Srebrenica and the International System
A massacre took place 20 years ago in and around Srebrenica in front of the whole world’s eyes with the Serbian military forces killing 8,000 Bosnian men and raping, torturing thousands of women and children after the U.N. declared the area a ‘safe zone’
Last week people around the world commemorated the massacre in Srebrenica that took place 20 years ago. In this well-known massacre, Serbian forces killed more than 8,000 Bosnian men and raped, abused and tortured thousands of women and children in and around the town of Srebrenica. The massacre of men and abuse of women and children took place after the U.N. declared the area a “safe area.” The U.N. Protection Force (UNPROFOR) that was in charge in the region however failed to prevent the massacre. Eyewitness testimonies after the massacres demonstrated the insensitivity and lack of action among the UNPROFOR soldiers, who were mostly comprised of Dutch Units that were later awarded for their service by the government of the Netherlands.
The event that took place in Srebrenica was not just a massacre of civilians; It also represented a major signpost for the end of the post-World War II world and a showcase of the ineffectiveness of the international community. In the midst of Europe, where societies had witnessed or been victimized by genocide half a century ago, members of the international community failed to react and prevent another massacre despite all of the warning signs. Despite discourse of democracy, human rights and freedoms, the European countries and their union basically could not agree on a policy that could stop the events in Srebrenica. After this failure, the European Union expanded to include Central and Eastern European countries; however, it could not take the necessary lessons from this problem to deal with the humanitarian crises in the world and its neighborhood. The difficulty of developing a common policy on humanitarian crises continues to this day. The recent failure of the union to develop an effective policy to deal with migrants to the Mediterranean shows the continuation of this situation.
Another major, humiliating defeat in the vein of Srebrenica was the failure of the United Nations to develop any meaningful solution for the problem and prevention of the massacre in Srebrenica. The U.N. system also did not take the necessary lessons from the Srebrenica genocide. For the last 20 years, despite the emergence of new norms such as “responsibility to protect,” the U.N. has been inefficient in preventing massacres around the world. Its Security Council in fact has turned into a body that acts against its mission of providing security and peace around the world. In different instances, the council has even failed to pass resolutions of condemnation of human rights abuses and mass killings. Twenty years after its failure in Srebrenica, the U.N. Security Council even failed to label the massacre in Srebrenica as a “genocide” due to a veto by Russia. This decision was not only a humiliating defeat for the international system but also another example of the increasing irrelevance and inefficiency of the U.N. Security Council and its procedures.

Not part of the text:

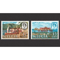 Znaczki wydane uprzednio w 1964 roku (oprócz znaczka lotniczego), tym razem z nadrukami upamiętniającymi uzyskanie przez Saint Lucia statusu państwa stowarzyszonego z Wielką Brytanią (niepodległość kraj ten uzyskał w 1979 roku).
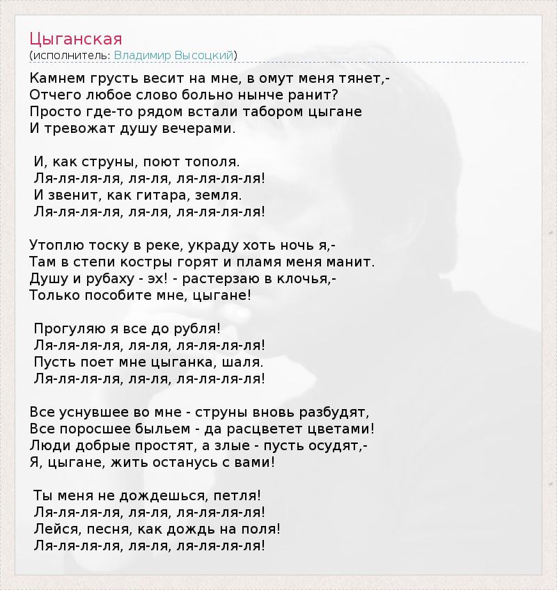 Это интересно:Владимир Семёнович Высоцкий (25 января 1938, Москва — 25 июля 1980) — советский поэт, музыкант, актёр, автор многих сотен песен на собственные стихи. В качестве автора и исполнителя песен собственного сочинения под гитару завоевал широкую популярность. В начале 1960-х годов появились первые песни Высоцкого. Песня «Татуировка», написанная в 1961 году в Ленинграде, многими считается первой. Неоднократно... продолжение

Twenty years after these horrific incidents, the Srebrenica massacre shows that under current circumstances, the international system fails to provide any solutions to prevent acts of genocide and ethnic extermination. With its current structure, the U.N. can provide nothing to protect the victims of human rights abuses, repression and violence. To ask for reform of the system seems a rhetorical position for many, but the tragedies of the last 20 years demonstrate that it is a must, and it is an overdue measure that needs to be taken.